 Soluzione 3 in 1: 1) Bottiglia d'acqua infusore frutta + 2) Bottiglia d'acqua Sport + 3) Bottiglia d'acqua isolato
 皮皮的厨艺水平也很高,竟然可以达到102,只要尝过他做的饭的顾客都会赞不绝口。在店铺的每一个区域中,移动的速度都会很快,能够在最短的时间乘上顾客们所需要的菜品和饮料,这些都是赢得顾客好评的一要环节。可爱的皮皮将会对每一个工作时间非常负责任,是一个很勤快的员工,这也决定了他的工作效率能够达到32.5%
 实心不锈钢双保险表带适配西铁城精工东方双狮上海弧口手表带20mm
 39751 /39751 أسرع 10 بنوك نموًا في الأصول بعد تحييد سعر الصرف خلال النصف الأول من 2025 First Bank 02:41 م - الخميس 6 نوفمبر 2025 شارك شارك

_ _ _

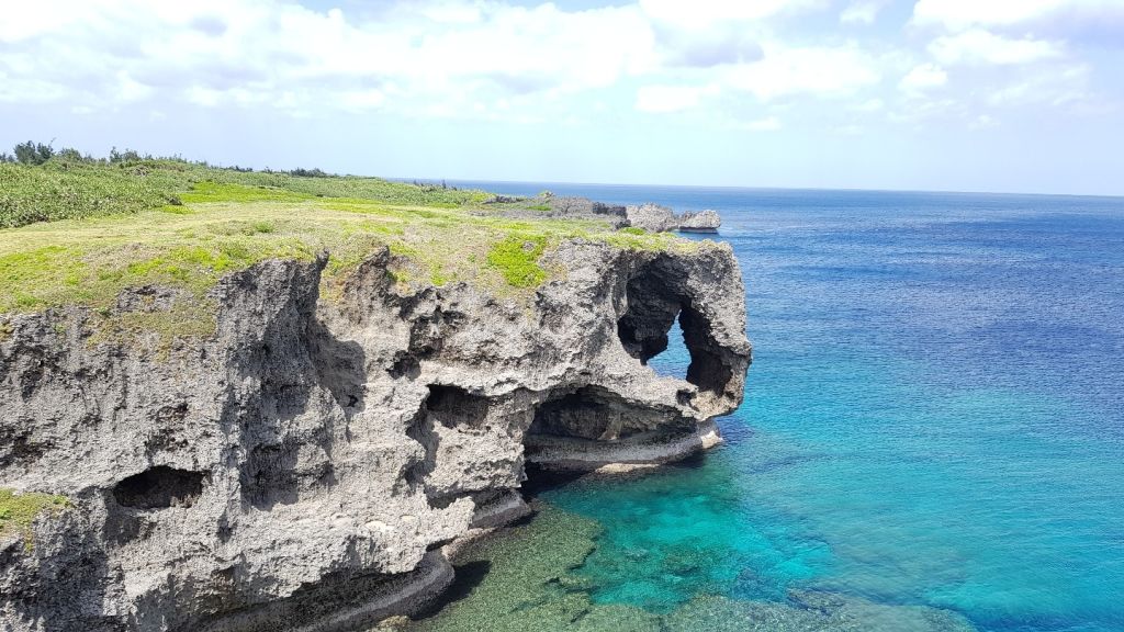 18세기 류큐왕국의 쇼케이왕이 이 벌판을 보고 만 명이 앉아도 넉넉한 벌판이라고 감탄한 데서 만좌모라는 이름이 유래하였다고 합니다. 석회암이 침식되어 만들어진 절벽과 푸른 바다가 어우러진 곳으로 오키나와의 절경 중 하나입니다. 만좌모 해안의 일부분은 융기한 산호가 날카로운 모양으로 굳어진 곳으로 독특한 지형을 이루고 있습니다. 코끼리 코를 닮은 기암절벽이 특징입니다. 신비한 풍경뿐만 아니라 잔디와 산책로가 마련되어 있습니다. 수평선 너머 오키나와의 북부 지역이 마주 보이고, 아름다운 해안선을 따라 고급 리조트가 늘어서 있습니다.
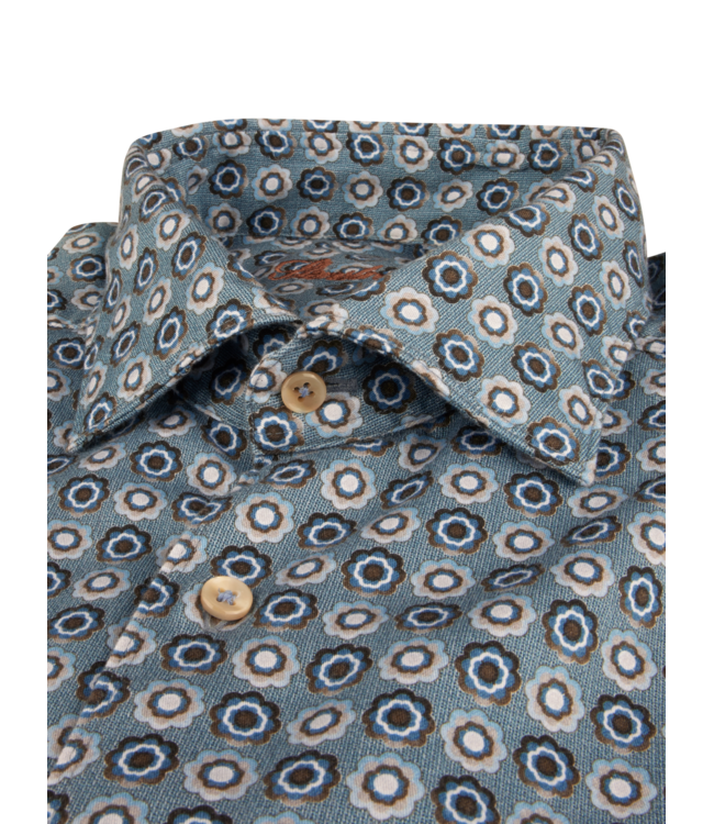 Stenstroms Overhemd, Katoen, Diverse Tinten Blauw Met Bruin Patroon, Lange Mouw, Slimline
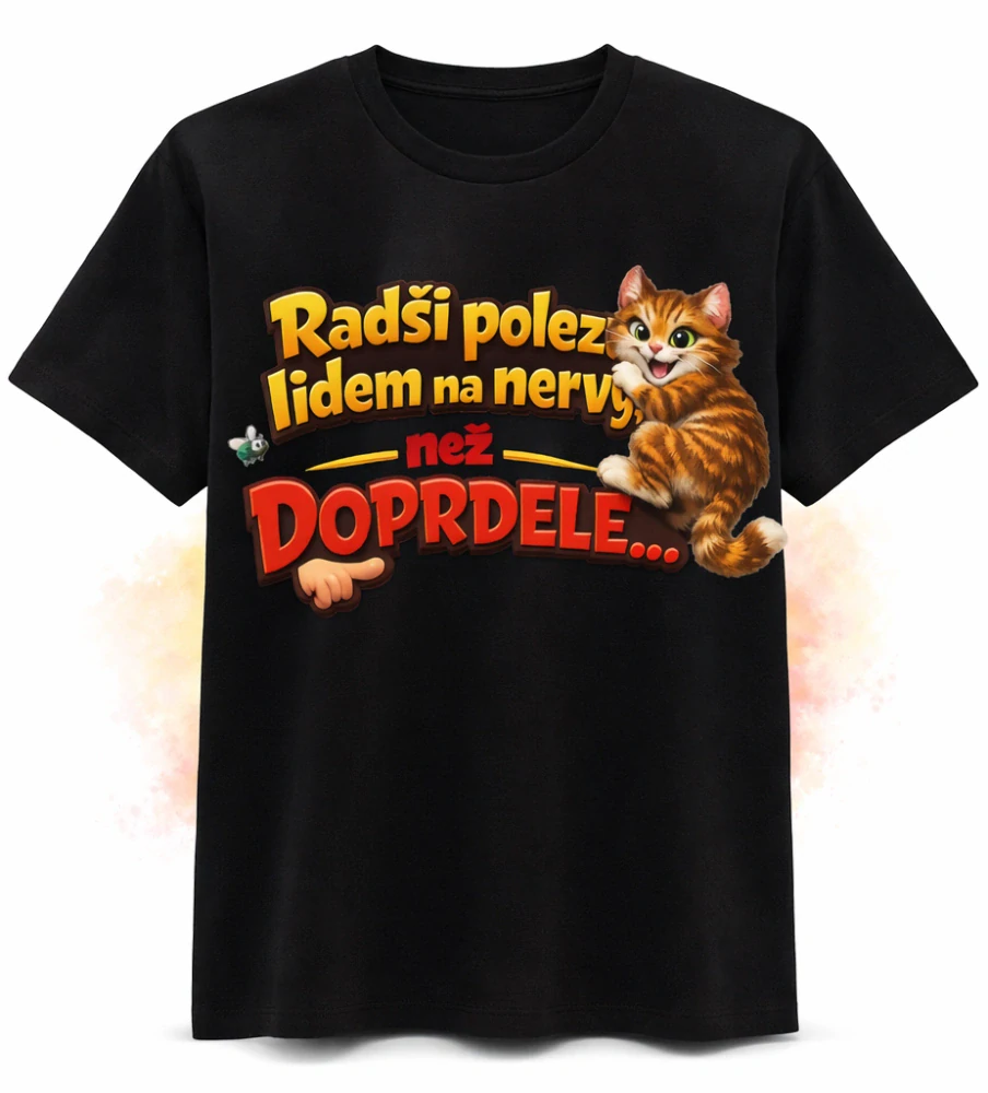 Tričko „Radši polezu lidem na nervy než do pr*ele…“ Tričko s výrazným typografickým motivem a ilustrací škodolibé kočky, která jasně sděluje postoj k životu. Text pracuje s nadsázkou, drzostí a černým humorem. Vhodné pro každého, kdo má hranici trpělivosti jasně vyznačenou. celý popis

_ _ _

As listed above, the lines from the line with "皮皮的厨艺水平也很高,竟然可" to the line with "39751 /39751 أسرع" are to be echoed exactly, with both ends included and nothing added.

 皮皮的厨艺水平也很高,竟然可以达到102,只要尝过他做的饭的顾客都会赞不绝口。在店铺的每一个区域中,移动的速度都会很快,能够在最短的时间乘上顾客们所需要的菜品和饮料,这些都是赢得顾客好评的一要环节。可爱的皮皮将会对每一个工作时间非常负责任,是一个很勤快的员工,这也决定了他的工作效率能够达到32.5%
 实心不锈钢双保险表带适配西铁城精工东方双狮上海弧口手表带20mm
 39751 /39751 أسرع 10 بنوك نموًا في الأصول بعد تحييد سعر الصرف خلال النصف الأول من 2025 First Bank 02:41 م - الخميس 6 نوفمبر 2025 شارك شارك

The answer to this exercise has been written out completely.